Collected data
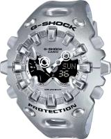 Casio G-Shock GA-V01A-8A с ярким футуристичным дизайном. Система собственной разработки Casio Shock Release Hand, в которой стрелки не крепятся к валу напрямую, а крепятся с помощью магнитного поля, что позволяет эффективно поглощать и рассеивать удары. Противоударный корпус защищает механизм от ударов и вибрации. Двойная подcветка: циферблат и ЖК-дисплеи подсвечиваются светодиодом, благодаря наличию функции задержки, после отпускания кнопки освещение горит еще несколько секунд. Настраиваемое послесвечение 1,5 или 3сек. Цвет подсветки: белый. Необритовое светонакопительное покрытие обеспечивает длительное послесвечение в темноте даже после кратковременного нахождения на свету. 12-ти и 24-х часовой формат времени. Секундомер с двумя точностями показаний: 1/100с (до 1ч) и 1с (после 1ч) и временем измерения 24ч. Секундомер с функцией SPLIT. Таймер обратного отсчета от 1с до 24ч. Мировое время – 48 городов (31 часовой пояс), всемирное координированное время (UTC). Функция включения/отключения летнего времени. Функции отключения/включения звука и перемещения стрелок для беспрепятственного просмотра информации на цифровых дисплеях. 5 ежедневных будильников. Ежечасный сигнал времени. Полностью автоматический календарь (до 2099 года). Стальная задняя крышка крепится на 4-х винтах. Батарейка рассчитана на 10 лет. Ремешок из полимерного материала с классической застежкой.
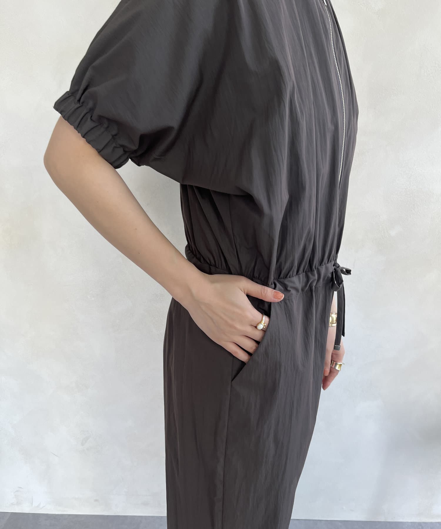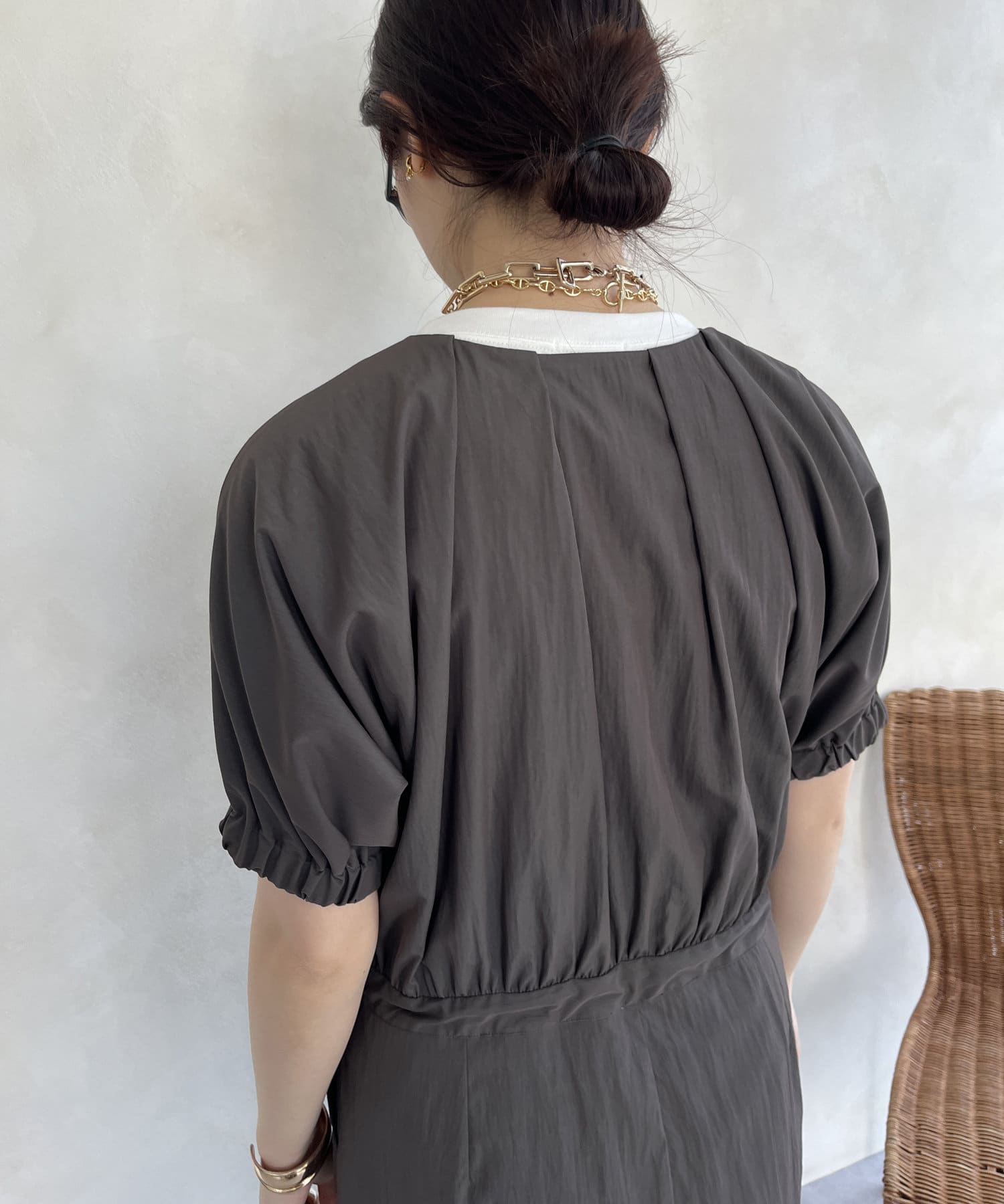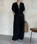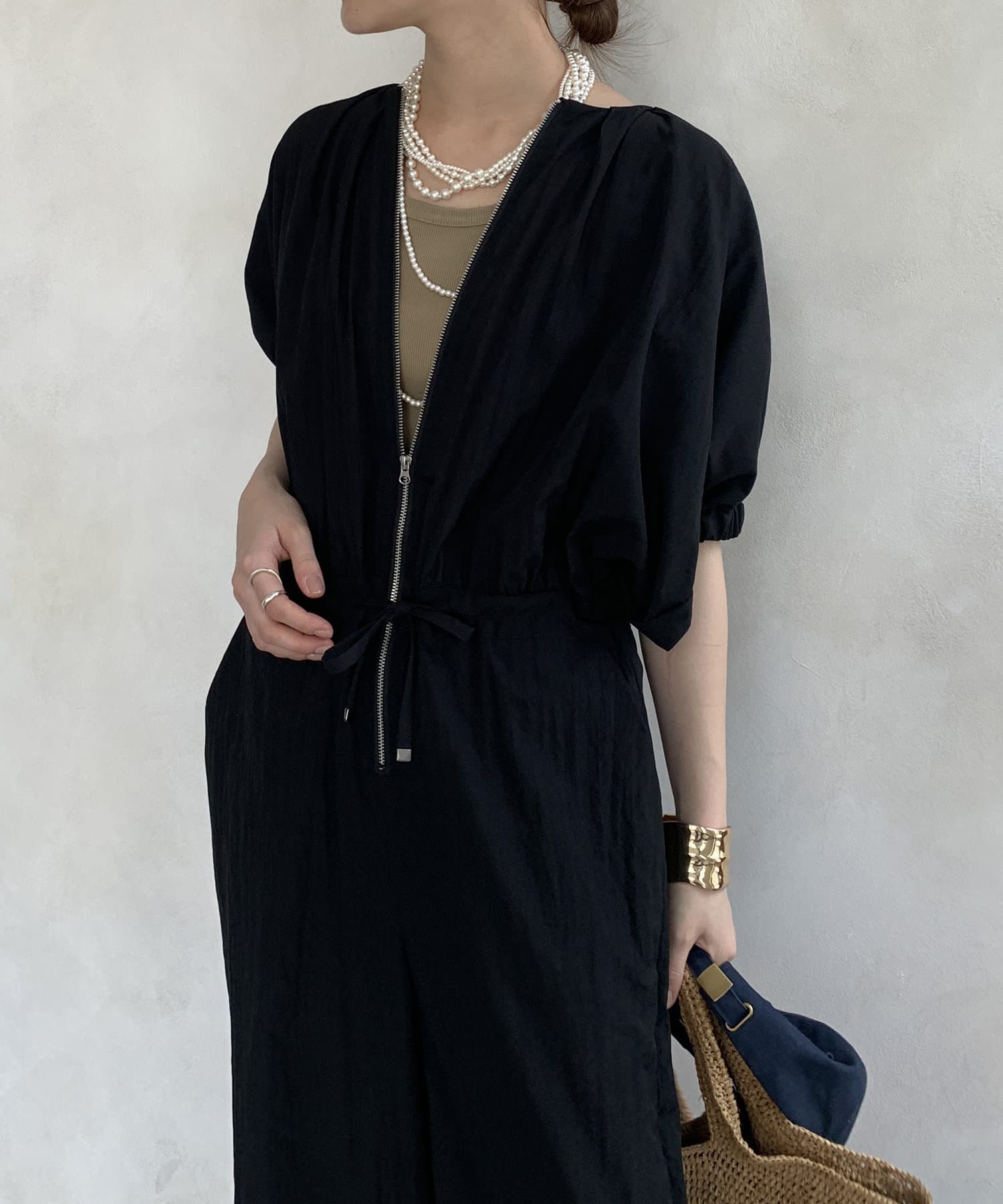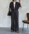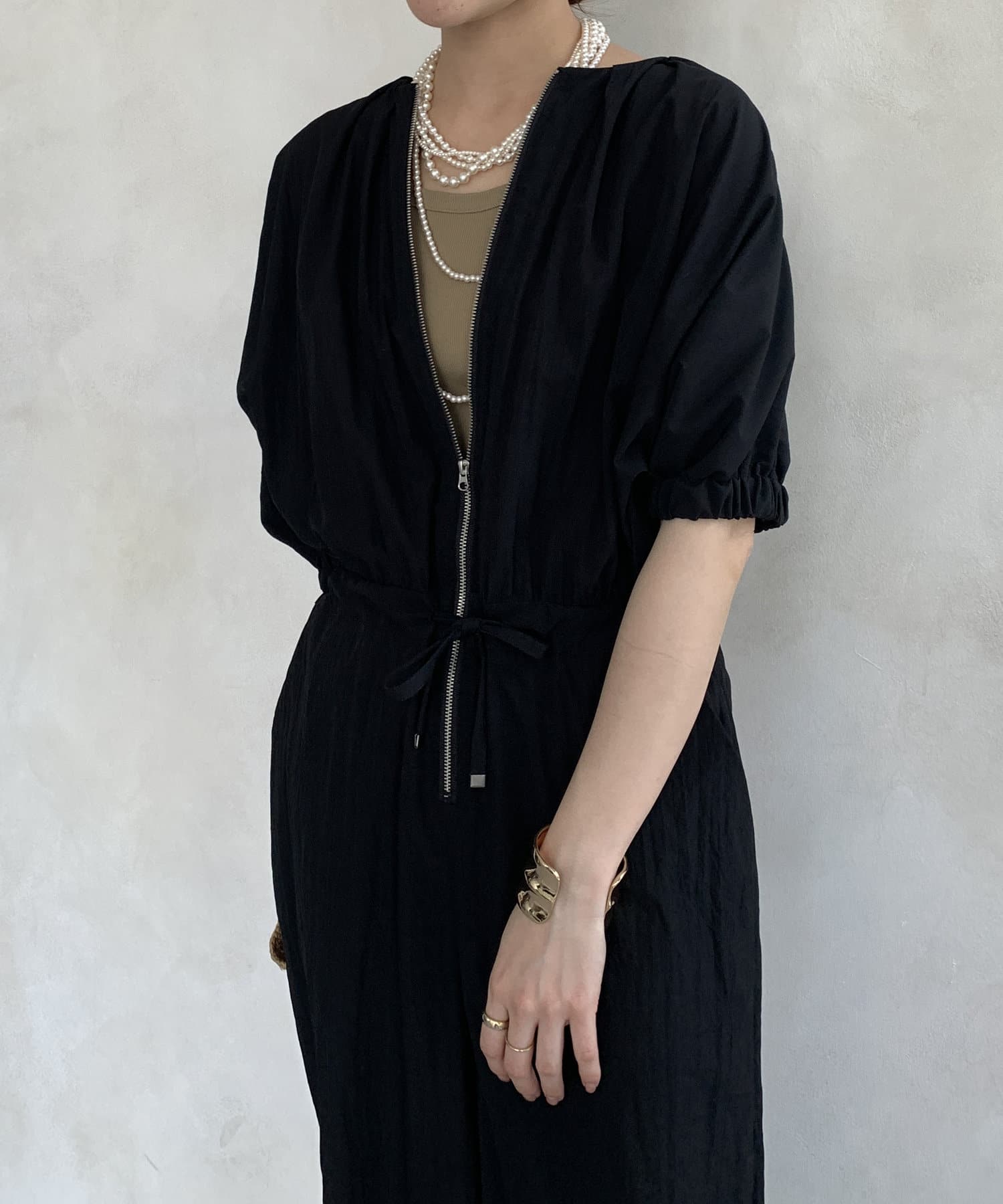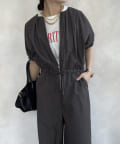 洗練されたリラックススタイルが叶う、袖ギャザーオールインワン!
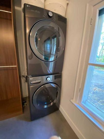 Dishwasher, Gas Stove, Microwave, Refrigerator, Washer/Dryer Stacked, Window Coverings
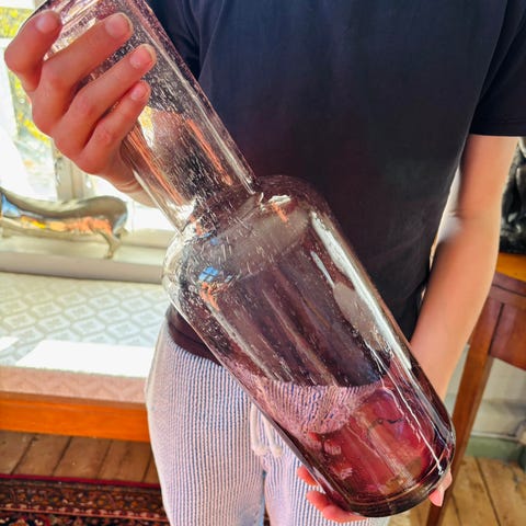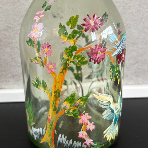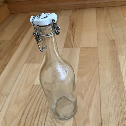 Tøff gammel flaske som er gjort om til lampefot.
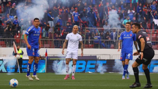Durante el primer tiempo del partido ante Audax Italiano, barristas hicieron estallar bombas de estruendo, muy cerca del arco del portero Gabriel Castellón.
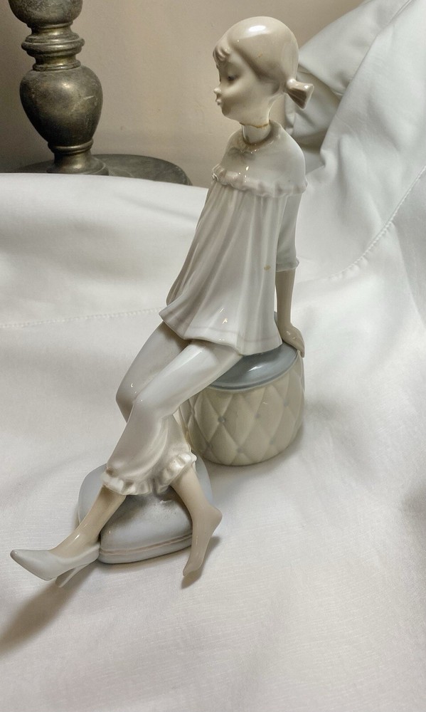 This Lladró figurine is a wonderful addition to any collection. Depicting a girl sitting on a stool, it is made of high-quality ceramic and stands at a medium height. The intricate details and beautiful design make it a must-have for figurine enthusiasts. Perfect for those who love to collect decorative items, this Lladró figurine is a great buy now.
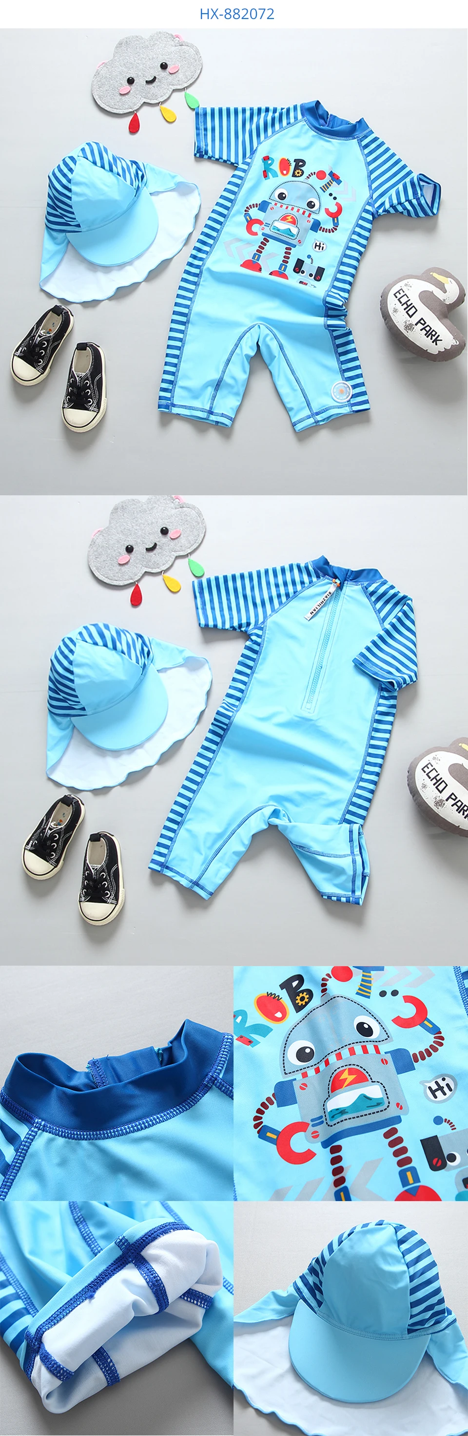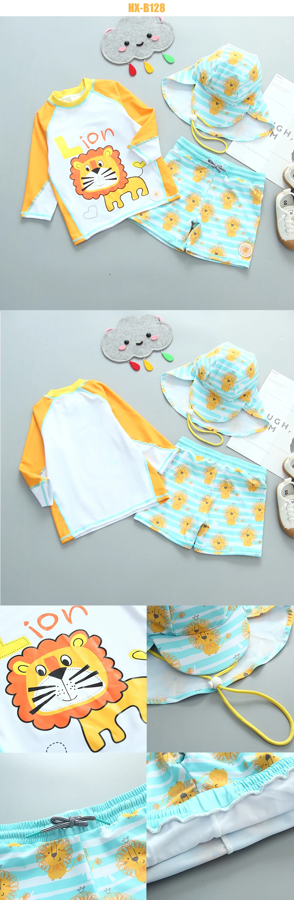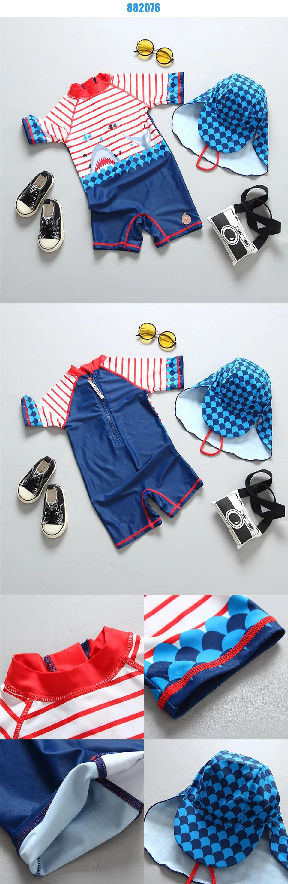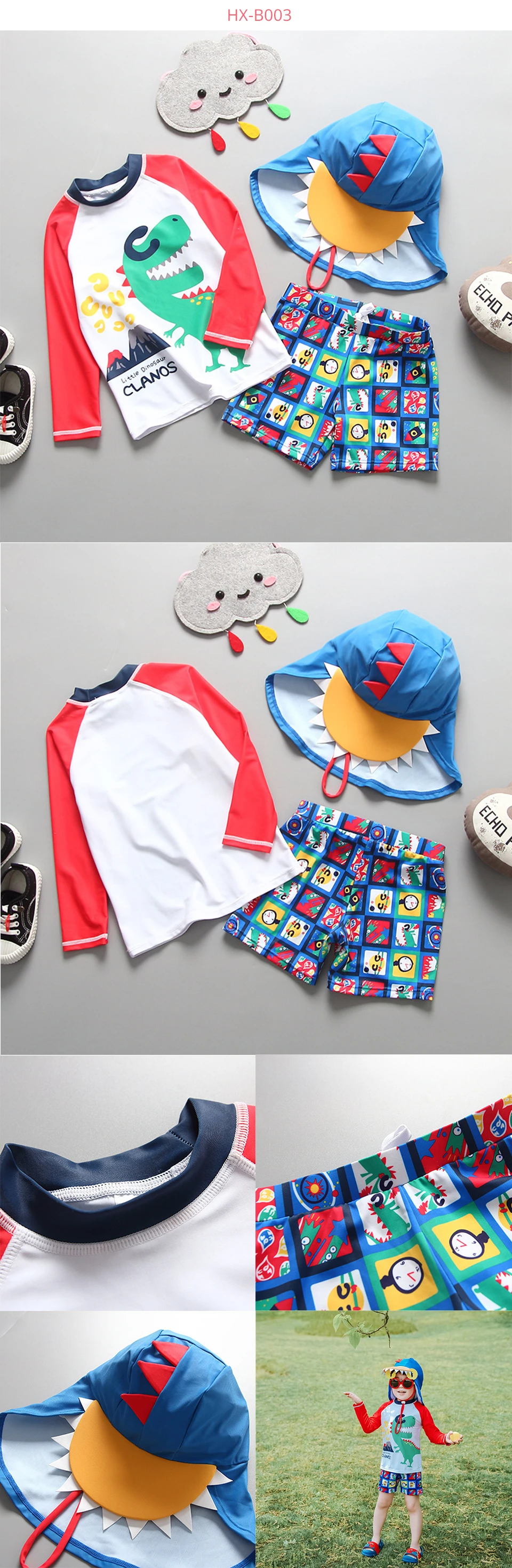 С UPF 50 + защита от солнца с мультяшным принтом динозавра и акулы, этот набор Рашгард держит его милым и защищенным весь день.
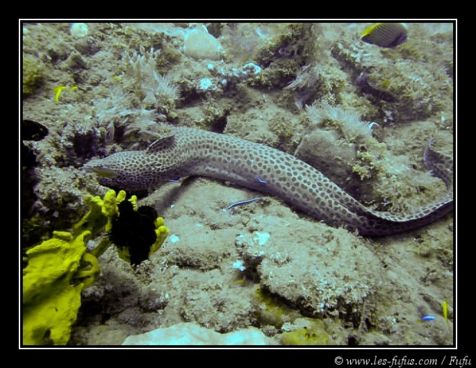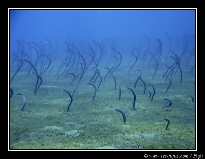 Durant cette plongée (22m maximum et 54 minutes), on passe par une grande étendue sablonneuse où des centaines d’anguilles chassent des proies. A notre passage, elles s’enfoncent dans le sable, pour n’en ressortir que derrière nous. C’est une sensation bizarre.
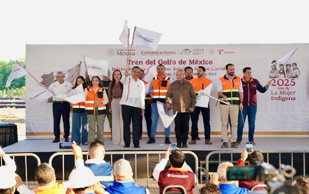Acompañado por Jesús Antonio Esteva Medina, secretario de Infraestructura, Comunicaciones y Transportes, y Andrés Lajous Loaeza, titular de la Agencia Reguladora del Transporte Ferroviario, el mandatario tamaulipeco dio la bienvenida a esta obra de gran calado, que permitirá la generación de 10 mil 922 empleos directos y 32 mil 766 empleos indirectos.
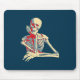 Happy smiling skeleton with his bony hand resting on his chin, done in retro colours.

> **Brief**:
With the pictures omitted, copy the entries above exactly from the line containing "Dishwasher, Gas Stove, Microwave, Refrigerator, Washer/Dryer" through the line containing "С UPF 50 + защита", both lines included.

> **Result of this task**:
 Dishwasher, Gas Stove, Microwave, Refrigerator, Washer/Dryer Stacked, Window Coverings
 Tøff gammel flaske som er gjort om til lampefot.
Durante el primer tiempo del partido ante Audax Italiano, barristas hicieron estallar bombas de estruendo, muy cerca del arco del portero Gabriel Castellón.
 This Lladró figurine is a wonderful addition to any collection. Depicting a girl sitting on a stool, it is made of high-quality ceramic and stands at a medium height. The intricate details and beautiful design make it a must-have for figurine enthusiasts. Perfect for those who love to collect decorative items, this Lladró figurine is a great buy now.
 С UPF 50 + защита от солнца с мультяшным принтом динозавра и акулы, этот набор Рашгард держит его милым и защищенным весь день.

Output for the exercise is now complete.